Today we celebrate the Solemnity of the Most Holy Body and Blood of Christ. The body and blood of our Lord being our nourishment to strengthen us and imbue us with our Lords very self, is the most central tenet of our faith. The Eucharist and its nature can be both a grace our Lord gave us, but also a stumbling block of belief if we do not accept the words our Lord spoke.

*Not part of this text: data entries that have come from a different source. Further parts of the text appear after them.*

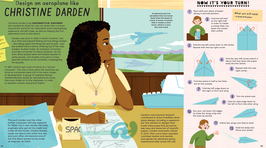 In This Book Will Make You a Scientist, there's profiles of 25 scientists from 3000 years ago till the modern day, all different areas of science and alongside each of those biographies, there's an experiment that you can do related to that person, but with household materials. So extracting DNA, making perfume, measuring the speed of light, looking at rainbows, training like an astronaut, all sorts of things.
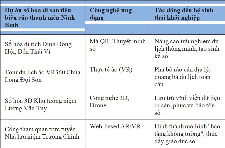 Thanh niên Ninh Bình đang đóng vai trò "kiến trúc sư số" trong việc bảo tồn và quảng bá di sản. Hoạt động số hóa các "địa chỉ đỏ" và di tích lịch sử không chỉ là công tác tuyên truyền mà đã trở thành một mảng khởi nghiệp sáng tạo tiềm năng trong ngành kinh tế di sản. Thông qua việc lắp đặt mã QR tại hơn 200 di tích lịch sử, văn hóa, tuổi trẻ Ninh Bình đã tạo ra một hệ thống thuyết minh đa phương tiện, giúp du khách dễ dàng tra cứu thông tin chính thống.
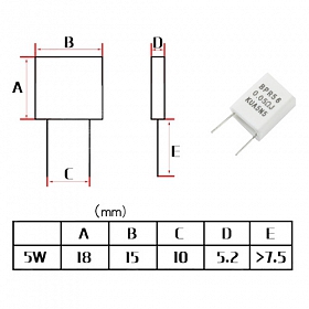 Kích Thước Điện Trở Sứ KUA5N5 BPR56 0.05 OHM 0.05R 5W 5% Chân Đứng
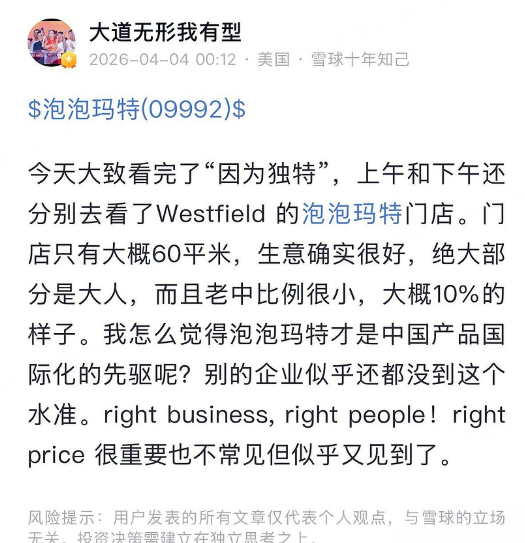 当下泡泡玛特估值处于历史低位,海外高增验证需求韧性,IP出海逻辑远超单纯盲盒赛道。段永平未明示持仓,但态度转向已释放强烈价值信号。市场此前过度担忧生命周期与增速放缓,眼下更应关注全球化壁垒、IP矩阵迭代与估值修复空间,短期情绪催化叠加基本面支撑,中期修复行情值得期待。
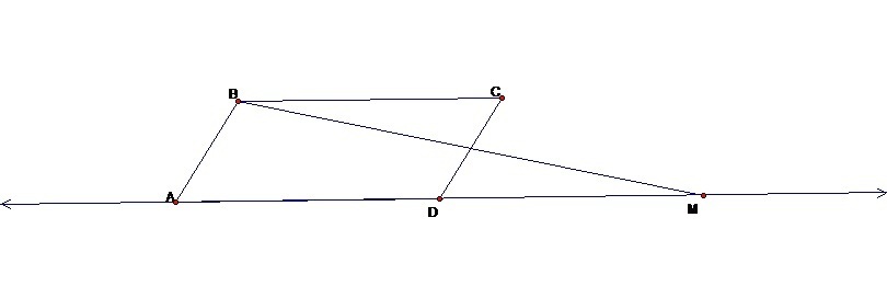 На продолжении стороны AD за точку D параллелограмма ABCD отмечена точка M так, что AD=MD. Докажите, что параллелограмм ABCD и треугольник ABM равновелики.
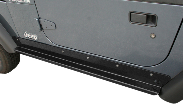 Heavy-duty rocker panels are designed to provide maximum protection for your Jeep's most vulnerable points. Manufactured from 3/16" thick steel plate with a tough black textured finish, these heavy-duty rockers can take a beating. Each features cutouts for use with off-road jack and a 2" step for easy access. To protect your vehicle's finish rubber gaskets are utilized to seal and protect the paint and body. For use with most aftermarket fender flares. Sold as a pair.
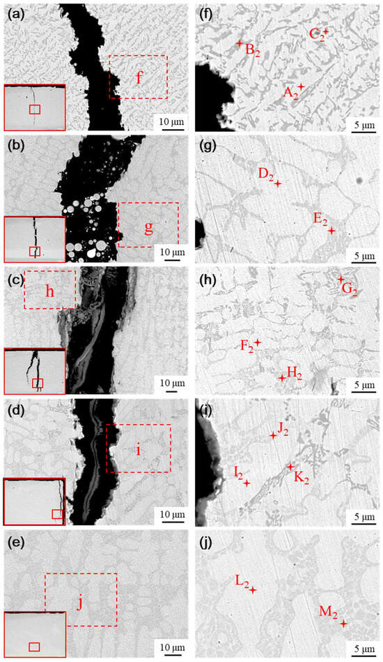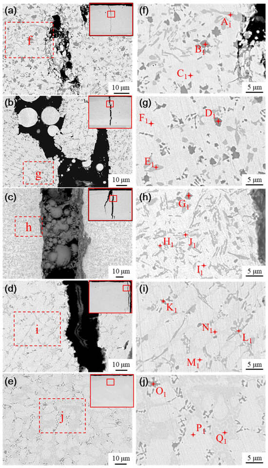 A longitudinal section perpendicular to the crack location was taken and the microstructure of the Ni60B coating was observed by scanning electron microscopy (SEM) at the top, middle, and near the bottom of the Ni60B coating, as shown in Figure 9a–d. And the EDS test results are shown in Table 5. The upper and middle parts of the coating are mainly composed of a black solid phase, a gray irregular stripe phase, a gray butterfly phase, and a white basal phase, while the lower part of the coating is mainly composed of white and gray basal phases, and the black, and gray precipitate phases appearing in the upper and middle parts of the coating are not seen. The main constituents of the massive black phase (point A and point D) are Cr and B, and the atomic ratio is close to 1:1, so the black precipitation phase is CrB. The irregular bar phase (point B) is dominated by Cr and C as the main constituent elements but also contains high amounts of Ni and Fe. The reason is that Ni (0.352 nm), Cr (0.288 nm), and Fe (0.287 nm) atoms have very similar atomic radii, and they are very easy to exchange with each other [31], and it can be deduced that the gray phase is M7C3 (M=Cr, Fe and Ni). The main constituents of the gray butterfly phase (point E) are Cr and B. Combined with the atomic ratio, it can be deduced that this gray phase is Cr5B3. The white basal phase (point C and point F) is mainly dominated by Ni and Fe elements, and this basal phase is a γ-Ni solid solution. As a result of the laser cladding process, some of the elements in the substrate are diluted into the coating, making the bottom of the coating rich in Fe elements. Excessive Fe elemental content inhibits the precipitation of hard phases such as incipient borides, resulting in the presence of only two basal phases, white and gray [32]. Combining Fe and Ni elements with good mutual solubility [31], the white basal phase is the γ-Ni solid solution. And the gray basal phase is the Ni-B-Si eutectic microstructure composed of Ni3Fe, Ni3B, and Ni3Si. The high content of element B in the molten pool initially develops a hard boride phase with a high melting point during solidification [12]. The remaining B element is not enough to form a large amount of the Ni-B-Si eutectic microstructure, which in turn leads to the absence of obvious Ni-B-Si eutectic in the top and middle parts of the Ni60B coating.

There is perhaps no passage in the New Testament that has caused more controversy, and at the same time provided more hope than those found in John 6. At the time that our Lord spoke this discourse, He had well over a hundred followers that had been with him wherever He went. Yet at the close of what He taught that day, He was left with only the twelve disciples. You see the very words that tell us the path to nourishing our spirits so that we can gain the strength we need to persevere were simply too much for many of those gathered there at the time, just as many find them difficult to accept today. Our Lord knew the audience He was addressing at that time, and that many would not be able to accept the idea of consuming His body and blood, because like most of the Jewish people, they believed that the teachings they had always heard warning them against the consumption of blood sacrifice still applied there. What they could not grasp was that those things which apply to the actions of men, did not apply to God, and so many left Him. Our Lord knew this would happen, and He did not mince words in what He described, and He did so for a reason – the people needed to eventually understand His sacrifice that was to come, and that it would require His body and blood, as the new Paschal Lamb to bring them to salvation. That He would shed all of this on their behalf, and that they needed to partake of His gift in order that they might live. This accepting of His words and partaking of His body and blood is an ultimate act of faith, and that is what our Lord requires of all who profess to believe in Him.
What we receive in the Eucharist is truly His body and blood. Yes, it looks like bread and wine through human sight, but when we look with the eyes of the soul, we see far more clearly what has been placed before us. When our Lord healed, it was always with the soul as His primary focus through forgiving sins, the healings of the physical body were secondary. Just so, when He nourishes us, it is with our true bodies, our spiritual selves in mind, that He is nourishing and strengthening so that we can live with Him eternally.